Tell me why I don't like editing?

Why do I hate editing? Because if you edit properly it's hard work. Yesterday I benefited from an editing session with some other talented writers. So I decided to look at my editing checklist and revamp it.

If I asked a non creative writer what editing is I would expect them to come up with the following list:

sentence structure
subject/verb agreement
consistent verb tense
word usage

Of course I look out for spelling mistakes and common errors but recently I found an article by William Faulkner. He pointed out that we teach ourselves through our own mistakes. People learn only by error, he wrote. However, it's not always easy to spot errors at first. We're too close to our own writing. We love what we write, especially directly after we write it.

Most of the writers I know that never finish a piece of writing are those obsessed with the quest for perfection. But why worry about perfection in your first or second draft? No one else expects your first attempt to be perfect. Why not enjoy the free writing of trying to capture your idea on the page?

Now once I have that all important first draft then it's the time to refine the plot and structure.

After I have removed all the typos and repetition I try to get more focused. Stephen King wrote a great book on creative writing and described adverbs as dandelions, I liked the idea of them being weeds because once you start using them you can't stop. Do a search for "ly" and edit as many adverbs as possible. The strongest, most powerful writing uses few adverbs because adverbs assist weak verbs. These should be replaced with stronger, more accurate verbs.

Characters should not "begin to" do things.

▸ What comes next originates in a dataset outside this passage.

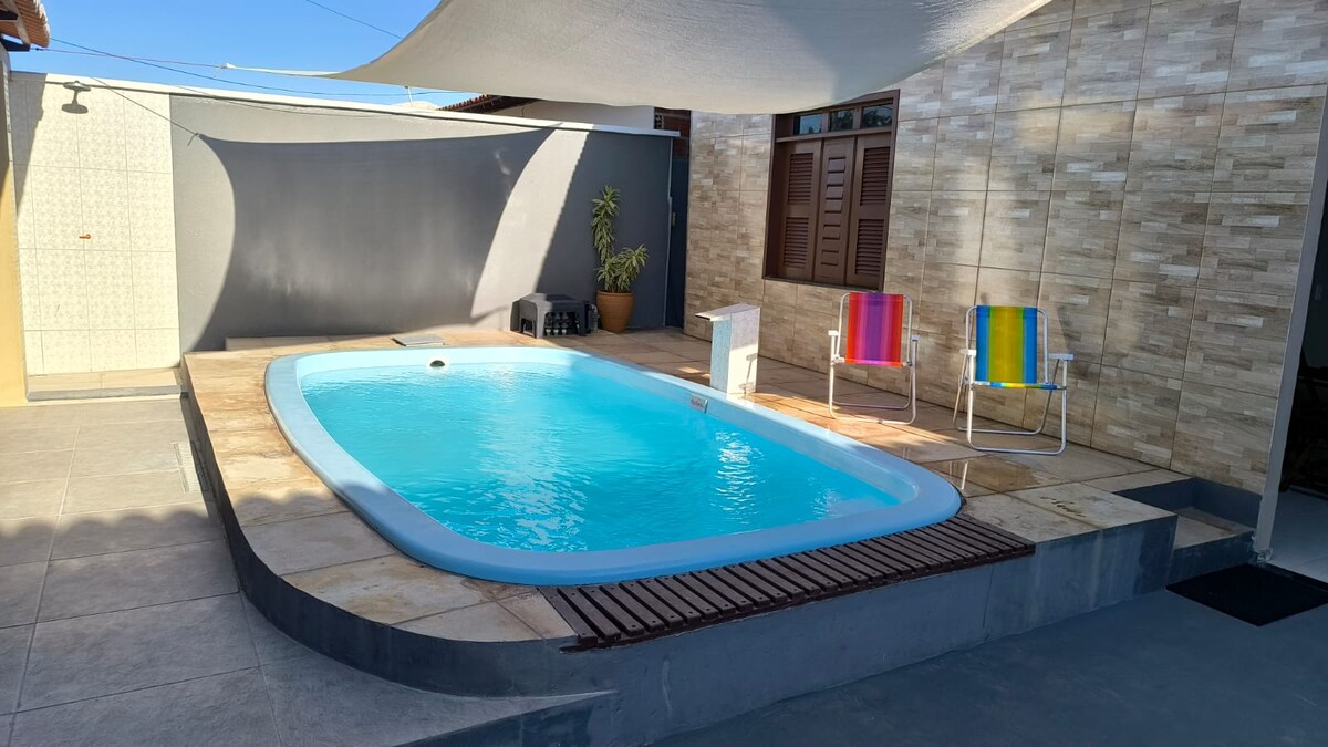 Ζήστε αξέχαστες μέρες στο Fortim! Το σπίτι μας είναι μόλις 300 μέτρα από την παραλία, όπου ο ποταμός Jaguaribe συναντά τη θάλασσα, περιτριγυρισμένο από τη φύση. Χαλαρώστε στα αποκλειστικά ξύλινα τζακούζι, απολαύστε την πισίνα, τον κήπο και το μπάρμπεκιου. Ξυπνήστε με ένα νόστιμο σπιτικό πρωινό που περιλαμβάνεται και απολαύστε την άνεση 4 κλιματιζόμενων δωματίων, Wi-Fi, γυμναστηρίου και άφθονου χώρου στάθμευσης. Η αφοσιωμένη ομάδα μας φροντίζει κάθε λεπτομέρεια για να κάνει την εμπειρία σας μοναδική! 🌴🍃

Have them take direct action. Similarly instead of having characters to decide to do things, they should just do it. No 'after Jake had left she decided to check his phone.'

Cliches are hard to spot sometimes because they are ingrained into our culture. When you do find them take them out.

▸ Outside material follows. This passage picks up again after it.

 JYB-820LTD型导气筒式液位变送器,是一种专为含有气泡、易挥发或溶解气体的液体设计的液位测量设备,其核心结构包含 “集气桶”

Next is dialogue, I have my own special dialogue checklist:

short sentences
use contractions
forgo pleasantries
compress your dialogue
edit dialogue to its essentials
don't overuse names.

I always have to remember to create a new paragraph when dialogue changes from one character to another. You can add the character's thoughts and actions after their dialogue without beginning a new paragraph.

One of my bad habits are the use of intensifiers. These are the words placed before adjectives and adverbs in an attempt to intensify an effect. Words such as very, so, quite, extremely, really, and absolutely. We're very tired. Thank you so much. The book was extremely good, etc. Removing them tends to improves sentences. Unfortunately I use them a lot in my speech so they overflow into my writing.

One of my pet hates in other peoples writing is 'it'. Be specific and name the "it" wherever possible.

Too many passive verbs slow down and weaken a narrative with wordiness—tighten and strengthen your sentences by naming who did what.

My passive verb checklist:

There are lots of other things that you need to look for. This list has been developed by listening to the criticism that I have received from others which I have then taken on board.

1 comment:

  1. This is a great post. I hate editing too, although I am getting better at it and therefore enjoying it more. I like that you focus on improving the text rather than overhauling the whole work. I always feel I'm not editing properly because I'm actually happy with the structure and character development etc. Probably in two years I'll be brave enough to work on those things too!